Dataset ▸
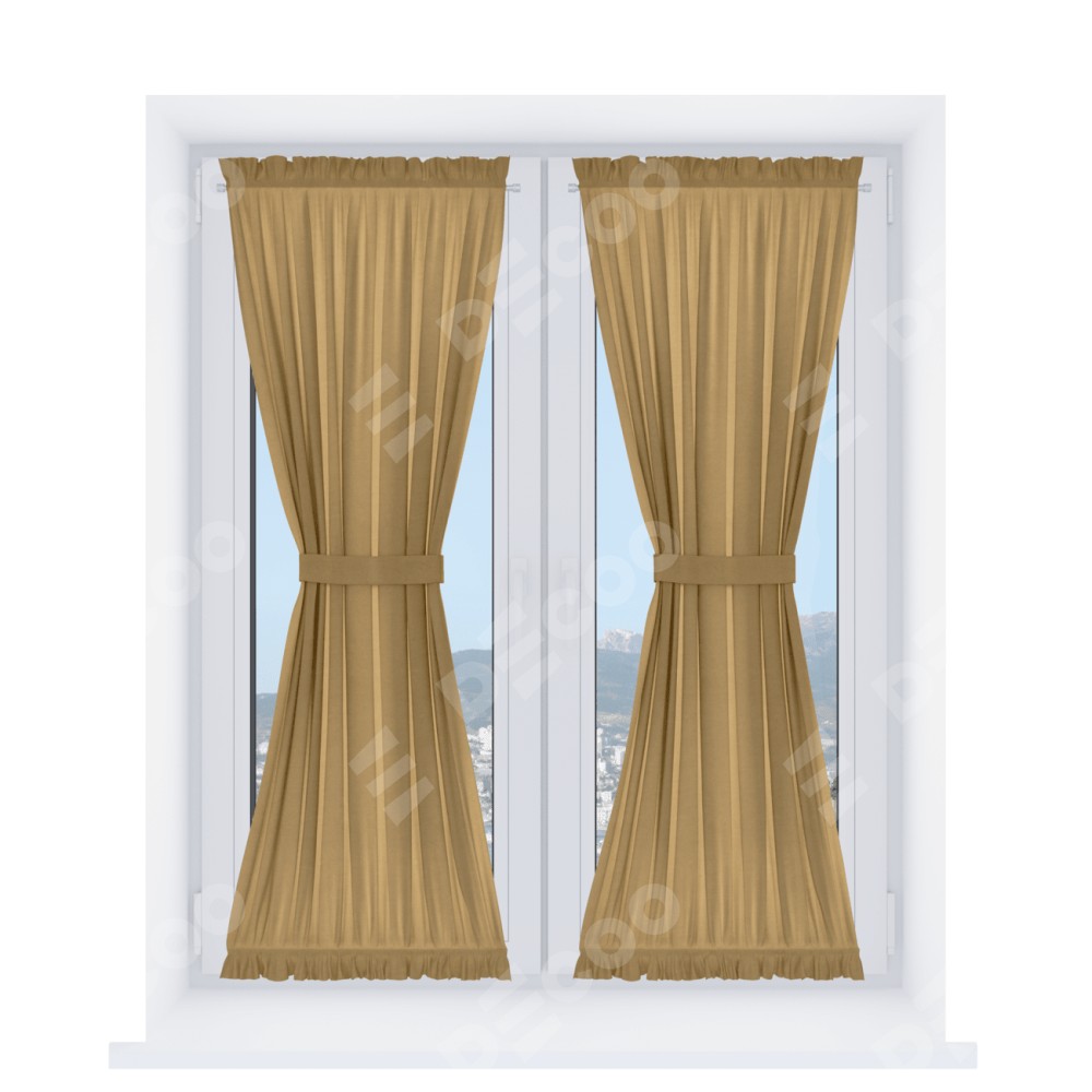 Штора «Песочные часы» производителя «Cortin», используется для створок окон и дверей, пошита из ткани вельвет горчица, артикул ткани 17760.
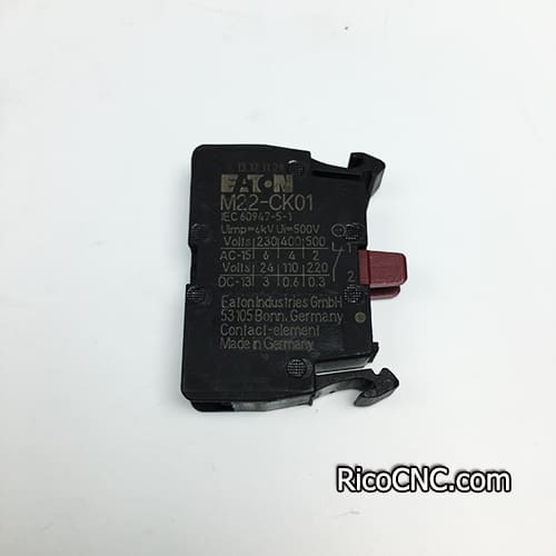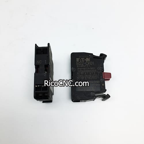 This is EATON M22-CK01 pushbutton contact block. It can be used on Homag woodworking machine. Homag part number is 4008330265 or 4-008-33-0265
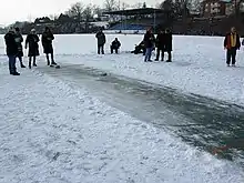 The Kilt and Clover is a restaurant and bar located at 17 Lock Street in Port Dalhousie, Ontario, a district within the City of St. Catharines, Ontario on the shores of Lake Ontario. It is known for its annual frozen chicken chucking competition. The act of chicken chucking consists of pitching or sliding frozen chickens along the ice covered Martindale Pond similar to curling and shuffleboard.[1]
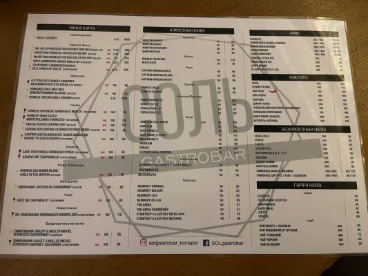 Сегодня впервые посетили гастробар Соль в Борисполе, как раз рядом с центральной ёлкой. Выбрали заведение по отзывам посетителей и ни грамма не пожалели, т.к и ... More Сегодня впервые посетили гастробар Соль в Борисполе, как раз рядом с центральной ёлкой.
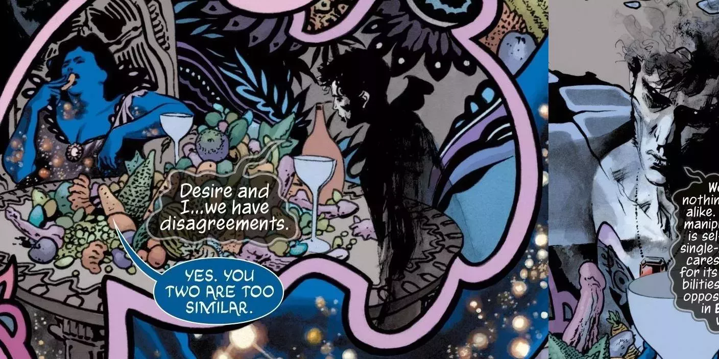 Deseo, hermano gemelo de Desesperación, es uno de los principales antagonistas de The Sandman. Su género es completamente mutable, lo que le permite cambiar de forma según lo requiera la situación. Desire es también uno de los miembros más crueles de la familia, a menudo burlándose o interfiriendo en los deberes de sus hermanos.

Work to be completed ▸
Only the lines from the beginning of the listing up to and including the line with "центральной ёлкой. Выбрали" should appear in the reply, copied word for word and free of pictures.

Expected answer ▸
 Штора «Песочные часы» производителя «Cortin», используется для створок окон и дверей, пошита из ткани вельвет горчица, артикул ткани 17760.
 This is EATON M22-CK01 pushbutton contact block. It can be used on Homag woodworking machine. Homag part number is 4008330265 or 4-008-33-0265
 The Kilt and Clover is a restaurant and bar located at 17 Lock Street in Port Dalhousie, Ontario, a district within the City of St. Catharines, Ontario on the shores of Lake Ontario. It is known for its annual frozen chicken chucking competition. The act of chicken chucking consists of pitching or sliding frozen chickens along the ice covered Martindale Pond similar to curling and shuffleboard.[1]
 Сегодня впервые посетили гастробар Соль в Борисполе, как раз рядом с центральной ёлкой. Выбрали заведение по отзывам посетителей и ни грамма не пожалели, т.к и ... More Сегодня впервые посетили гастробар Соль в Борисполе, как раз рядом с центральной ёлкой.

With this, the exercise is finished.